Cosa significa questa lezione di progressismo dottrinale?
Significa che, da oggi in poi, ogni volta che si terrà un sinodo di vescovi, massimamente ecumenico, si dovranno prendere in mano i documenti da esso elaborati e alla luce di questi si dovranno riscrivere la storia della Chiesa, la dottrina della Chiesa, la liturgia della Chiesa e la pastorale della Chiesa; e se qualcuno avrà l’ardire di avanzare delle riserve sulla coerenza dottrinale del dopo col prima, sappia che tutte le novità insegnate devono essere interpretate avendo in vista l’ermeneutica della riforma nella continuità, come disse Benedetto XVI, cioè devono essere interpretate non cogliendo a posteriori la continuità che dovrebbe essere inevitabilmente implicita in tutto il Magistero della Chiesa, ma fissando a priori il presupposto che si dovrà sempre cogliere tale continuità anche laddove essa è palesemente inesistente, tanto più a priori per quanto tale continuità si riveli di fatto una clamorosa rottura con la Tradizione.

Se poi i fedeli avessero ancora delle perplessità, sappiano, dice Mons. Ocáriz, che «Un’interpretazione autentica dei testi conciliari può essere fatta soltanto dallo stesso magistero della Chiesa. Perciò nel lavoro teologico d’interpretazione dei passi che nei testi conciliari suscitino interrogativi o sembrino presentare difficoltà, è innanzitutto doveroso tener conto del senso in cui i successivi interventi magisteriali hanno inteso tali passi».
Il che significa che tutto si risolve con l’ubbidienza nella fede, la quale «non costituisce un limite posto alla libertà, ma al contrario, è fonte di libertà», perché, come fa dire Mons. Ocáriz a Nostro Signore, ascoltare un vescovo che afferma che Gesù non è certo che sia presente nell’Eucarestia, significa ascoltare Cristo stesso.

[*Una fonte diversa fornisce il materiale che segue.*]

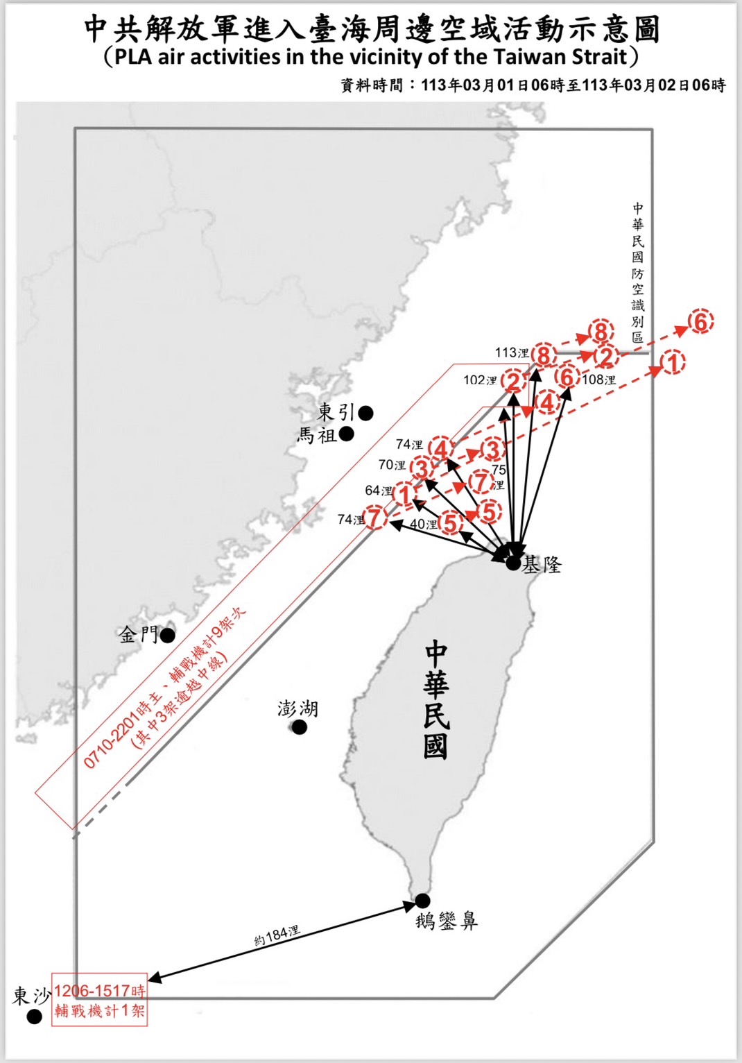 1130302_臺海周邊海、空域活動示意圖

È quello che è accaduto con la libertà religiosa insegnata dal Vaticano II, unico argomento esplicitamente citato da Mons. Ocáriz, sul quale gli ultimi due papi sono stati chiarissimi: «La libertà religiosa … è talmente inviolabile da esigere che alla persona sia riconosciuta la libertà persino di cambiare religione, se la sua coscienza lo domanda» (Giovanni Paolo II, Messaggio per la Giornata Mondiale della Pace per l’anno 1999). Concetto ribadito e rafforzato da Benedetto XVI (Messaggio per la Giornata Mondiale della Pace per l’anno 2011): «ogni persona … Non dovrebbe incontrare ostacoli se volesse, eventualmente, aderire ad un’altra religione o non professarne alcuna».
Il che significa che occorre esercitare l’ubbidienza della fede e convincersi che un cattolico può legittimamente e meritevolmente apostatare la fede in Cristo, trovandosi con questo in perfetta adesione al moderno insegnamento papale e per ciò stesso in perfetta continuità con l’insegnamento millenario della Chiesa.

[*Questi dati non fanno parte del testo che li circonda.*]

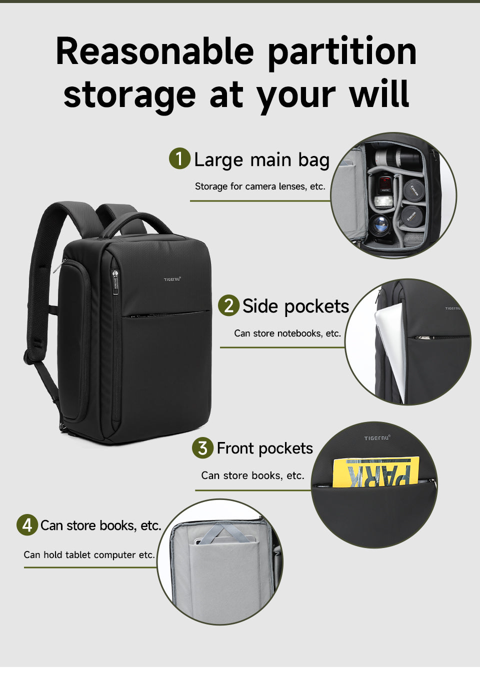 Tigernu Detachable Multi-pocket 14 Inch Nylon Waterproof Breathable Outdoor Photography Travel Camera Bag

Dopo aver letto questo saggio di chiarificazione sull’ermeneutica della continuità, occorre riflettere attentamente sulle reali intenzioni dei teologi che la sostengono, a qualunque livello si trovino, perché occorre fugare inequivocabilmente il dubbio che si tratti di una sorta di grimaldello atto ad aprire il cuore fiducioso dei fedeli per introdurvi più o meno nascostamente ogni sorta di contraddizione dottrinale, tale che alla fine essere cattolici o non esserlo non sarebbe più una cosa essenziale per la salvezza dell’anima di questi stessi fedeli, perché basta essere degli uomini aperti a ogni novità e ad ogni evenienza, basta essere amanti della libertà e della pace, con cuore sincero e con l’animo pieno di fiducia nelle elaborazioni evolutive del moderno magistero della Chiesa conciliare.
Occorre anche riflettere attentamente sul reale significato di 45 anni di resistenza in difesa della Tradizione cattolica, perché occorre fugare inequivocabilmente il dubbio se sia giunto il momento di abbandonare o anche solo di affievolire la buona battaglia o se questa debba essere combattuta ancora più aspramente.

Noi, che siamo solo nessuno, abbiamo il sospetto che da oggi la battaglia sarà ancora più cruenta e più sanguinosa, per così dire, tale che bisognerà prepararsi ad ogni sorta di condanna e di vessazione.